** DATASET RECORDS **
[Start of Attachment]

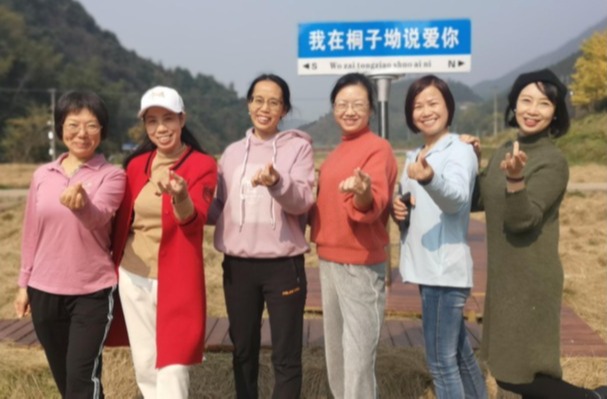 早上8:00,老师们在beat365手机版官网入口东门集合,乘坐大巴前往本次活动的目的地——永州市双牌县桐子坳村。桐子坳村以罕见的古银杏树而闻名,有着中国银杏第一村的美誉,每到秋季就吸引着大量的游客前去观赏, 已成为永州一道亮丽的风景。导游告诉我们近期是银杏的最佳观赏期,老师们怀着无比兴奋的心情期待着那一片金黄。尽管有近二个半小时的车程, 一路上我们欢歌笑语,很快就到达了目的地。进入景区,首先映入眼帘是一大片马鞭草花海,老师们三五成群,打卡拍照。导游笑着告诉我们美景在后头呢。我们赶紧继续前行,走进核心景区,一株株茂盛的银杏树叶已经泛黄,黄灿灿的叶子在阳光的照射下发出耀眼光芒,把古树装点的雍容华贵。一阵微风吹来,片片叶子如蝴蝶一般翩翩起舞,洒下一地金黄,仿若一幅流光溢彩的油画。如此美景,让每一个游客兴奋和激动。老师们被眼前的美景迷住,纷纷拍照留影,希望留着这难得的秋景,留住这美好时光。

[End of Attachment]
[Start of Attachment]

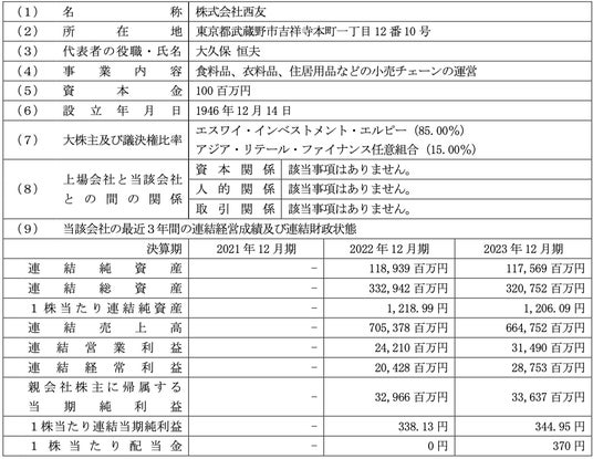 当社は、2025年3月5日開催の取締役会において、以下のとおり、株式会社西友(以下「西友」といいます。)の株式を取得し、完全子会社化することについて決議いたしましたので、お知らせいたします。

[End of Attachment]
[Start of Attachment]

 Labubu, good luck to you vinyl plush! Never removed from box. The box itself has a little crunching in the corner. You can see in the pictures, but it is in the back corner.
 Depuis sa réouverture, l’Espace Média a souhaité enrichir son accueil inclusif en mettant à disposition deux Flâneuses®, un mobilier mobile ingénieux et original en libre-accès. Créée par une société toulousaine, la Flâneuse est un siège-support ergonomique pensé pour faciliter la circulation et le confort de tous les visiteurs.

[End of Attachment]

** INSTRUCTIONS FOR THE TASK **
All lines above from the line with "Labubu, good luck" through the line with "Depuis sa réouverture, l’Espace", both included, are to be set down exactly, with nothing else.

** ANSWER SPACE **
 Labubu, good luck to you vinyl plush! Never removed from box. The box itself has a little crunching in the corner. You can see in the pictures, but it is in the back corner.
 Depuis sa réouverture, l’Espace Média a souhaité enrichir son accueil inclusif en mettant à disposition deux Flâneuses®, un mobilier mobile ingénieux et original en libre-accès. Créée par une société toulousaine, la Flâneuse est un siège-support ergonomique pensé pour faciliter la circulation et le confort de tous les visiteurs.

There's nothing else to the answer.